The central bank has consistently cautioned about the volatile
food prices
, particularly of vegetables and some cereals, which have come under pressure due to the heatwave sweeping across some states.
While prediction of normal
monsoon rains
may augur well for crops and improve supplies, the impact of weather related shocks needs close monitoring.
"As long as food price pressures persist, however, the goal of aligning
inflation
with its target remains a work in progress," according to the RBI document. The central bank has a target of keeping inflation at 4% (plus/minus 2%).
Latest data showed retail inflation, as measured by the consumer price index (CPI), slowed to a 12-month low of 4.8% in May. Vegetables and pulses prices remained under pressure while
core inflation
which is estimated after stripping out food and fuel was steady at 3.1%. Food inflation remained unchanged at 7.9%.
The central bank said the prospects for agriculture are brightening with early landfall of southwest monsoon. The stubborn food price pressures have for the time being pushed back any hopes of a cut in
interest rates
as RBI would like to assess the price situation against the backdrop of the erratic weather patterns, experts say.
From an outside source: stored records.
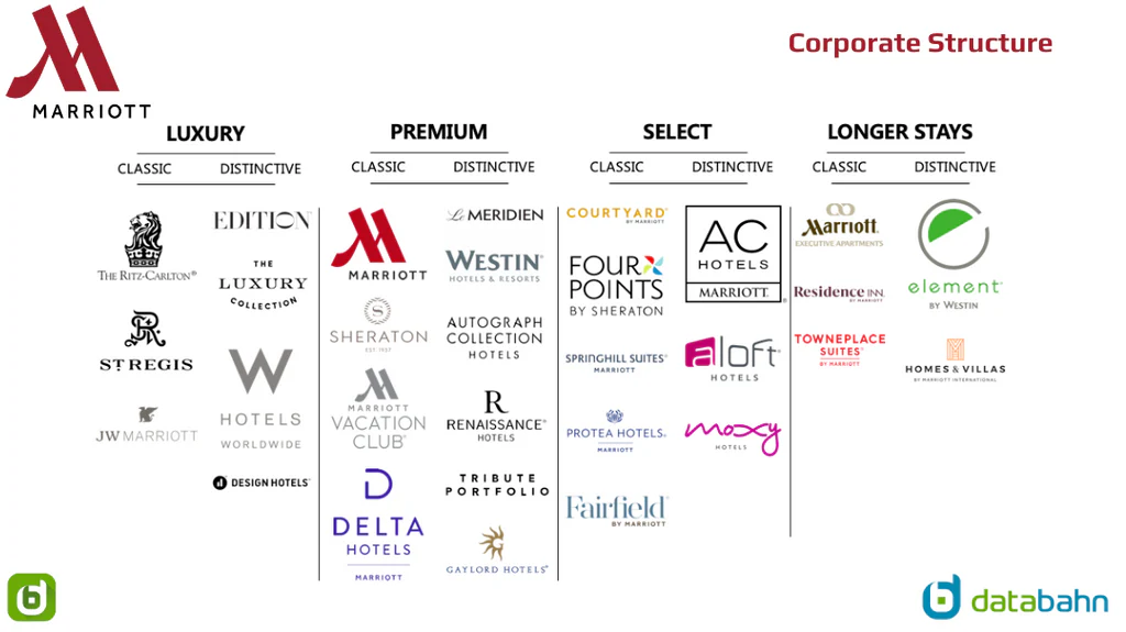 Marriott Bonvoy spans over 30 hotel brands, and each brand generally aligns with certain category levels. For example:
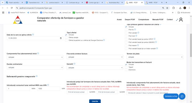 InfoCons protecția consumatorului de gaze naturale : Cum se folosește comparatorul de prețuri al ANRE ?
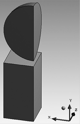 Se utilizó la doble simetría para una placa rectangular completa de aleación de aluminio con dimensiones de 1.0 mm × 1.0 mm × 1. 0 mm, la cual se fijó en su parte inferior, y en la superficie superior fue impactada por la cuarta parte de una esfera de acero de 1 mm de diámetro (figura 1) a una velocidad de 50 m/s en dirección perpendicular. Ambos materiales se asumieron como isotrópicos. A su vez, la placa presentó un comportamiento de endurecimiento bilineal isotrópico (bilinearisotropic hardening) (Miao et al., 2009). Las propiedades mecánicas aplicadas al modelo se presentan en la tabla 1.

RBI has kept the policy rate unchanged at 6.5% and has reiterated its stance of remaining focused on the withdrawal of accommodation to ensure that inflation progressively aligns to the target, while supporting growth.
The RBI bulletin said high-frequency indicators suggest the real
GDP growth
in the first quarter of 2024- 25 is broadly maintaining the pace it achieved in the preceding quarter.
It said that global growth was resilient in the first quarter of 2024 and many central banks have pivoted towards a less restrictive
monetary policy
stance in response to the fall in inflation in their economies.